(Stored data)
++++++++++

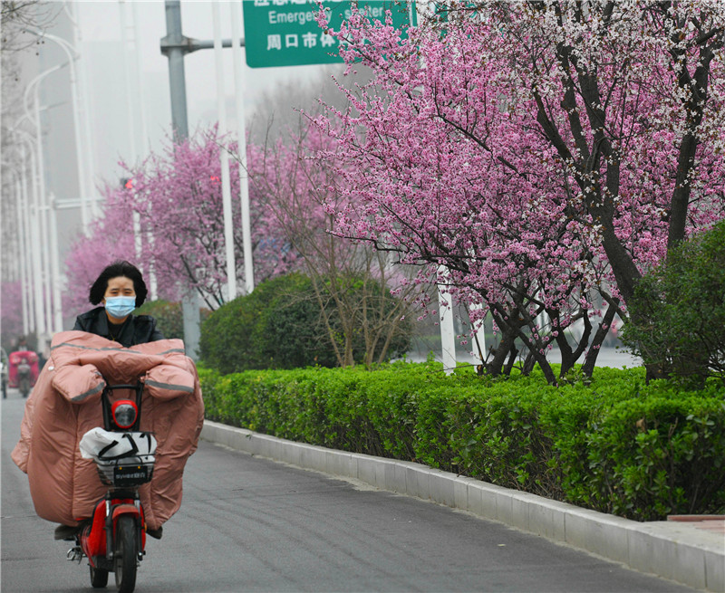 近日,隨著氣溫回升,紫葉李、美人梅等花期較早的花卉品種已經(jīng)盛開(kāi)。記者在我市中心城區(qū)慶豐街看到,粉紅色的美人梅已經(jīng)盛開(kāi),為人們開(kāi)啟賞花季。周口公園內(nèi)各種花兒爭(zhēng)相開(kāi)放,為游人提供踏青賞花的好去處。③10
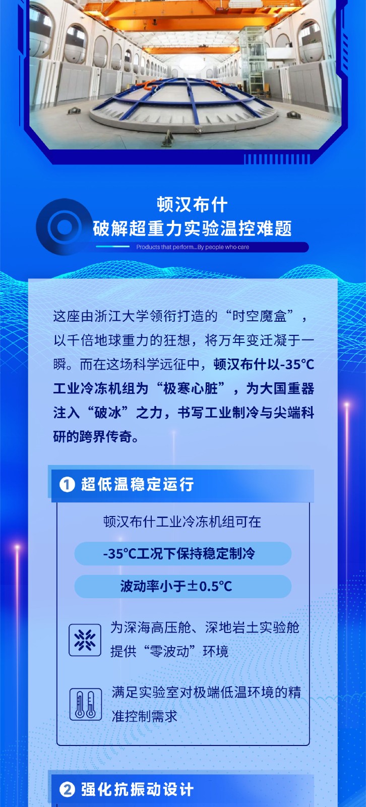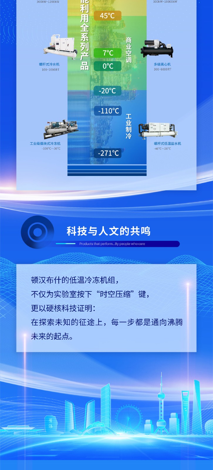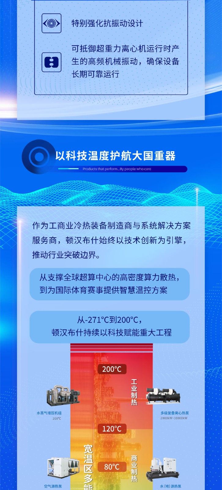 1995年,頓漢布什中國在煙臺設立研發中心和制造工廠,產品線包含壓縮機、大型冷水、熱泵機組、空氣側換熱產品、小型商用空調機組、低溫冷凍機組、冷卻塔等。
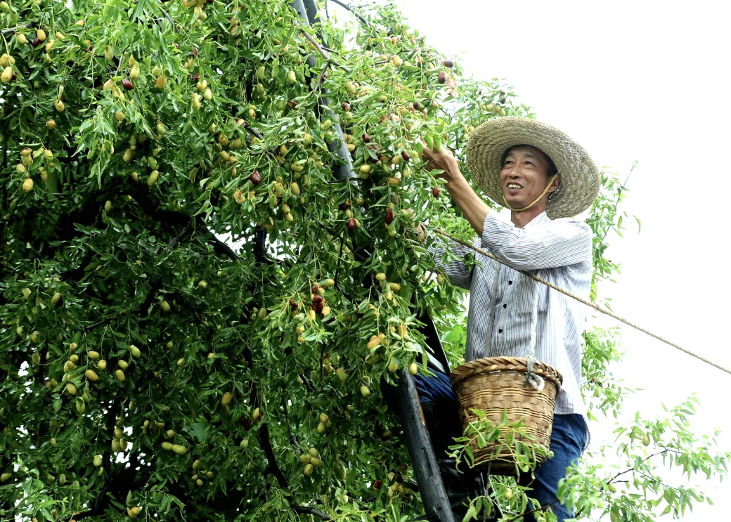 8月中下旬的三山岛上硕果累累的枣树几乎成了一道风景。由于枣树一般较高,采摘时需要爬上梯子,将成熟后颜色发红的枣子摘下。一位种植户说,今年夏天炎热少雨,枣子虽然目前个头不大,但是口感比往年还要好一些。枣子本来不太喜欢过多雨水,但这位种植户希望可以适当来一两场雨,这样枣子可以长得大一些。枣类不仅营养丰富,更与传统文化有着千丝万缕的联系。诸如“早生贵子”、“祈福祈贵子”、“一日三颗枣、百岁不显老”等民间口彩无不是与枣结合在一起的,为此当地还借"枣”为媒,办起了精彩的文化旅游节庆。
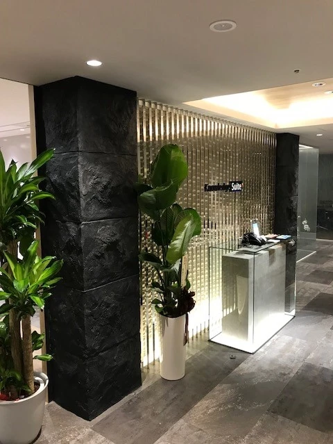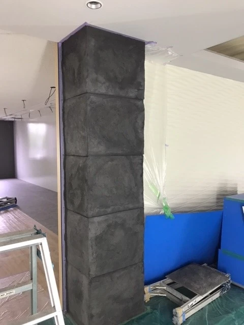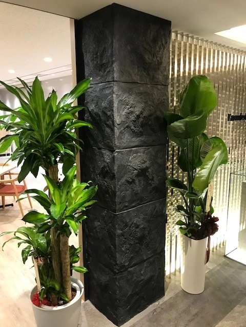 まるで本物の岩を柱に施したような、高級感のある空間に仕上がってますね!!
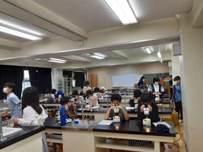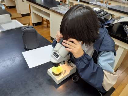 理科は、双眼実体顕微鏡を使っての観察です。
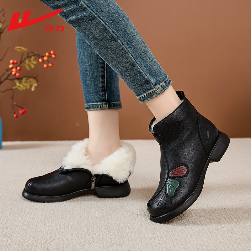 回力官方旗舰店妈妈鞋冬季加绒保暖女鞋子中老年人棉鞋舒适老人鞋

++++++++++

### What is needed
Your reply should consist only of the lines running from the line with "8月中下旬的三山岛上硕果累累" to the end of the entries, both included, copied exactly and without any pictures.

### Result
 8月中下旬的三山岛上硕果累累的枣树几乎成了一道风景。由于枣树一般较高,采摘时需要爬上梯子,将成熟后颜色发红的枣子摘下。一位种植户说,今年夏天炎热少雨,枣子虽然目前个头不大,但是口感比往年还要好一些。枣子本来不太喜欢过多雨水,但这位种植户希望可以适当来一两场雨,这样枣子可以长得大一些。枣类不仅营养丰富,更与传统文化有着千丝万缕的联系。诸如“早生贵子”、“祈福祈贵子”、“一日三颗枣、百岁不显老”等民间口彩无不是与枣结合在一起的,为此当地还借"枣”为媒,办起了精彩的文化旅游节庆。
 まるで本物の岩を柱に施したような、高級感のある空間に仕上がってますね!!
 理科は、双眼実体顕微鏡を使っての観察です。
 回力官方旗舰店妈妈鞋冬季加绒保暖女鞋子中老年人棉鞋舒适老人鞋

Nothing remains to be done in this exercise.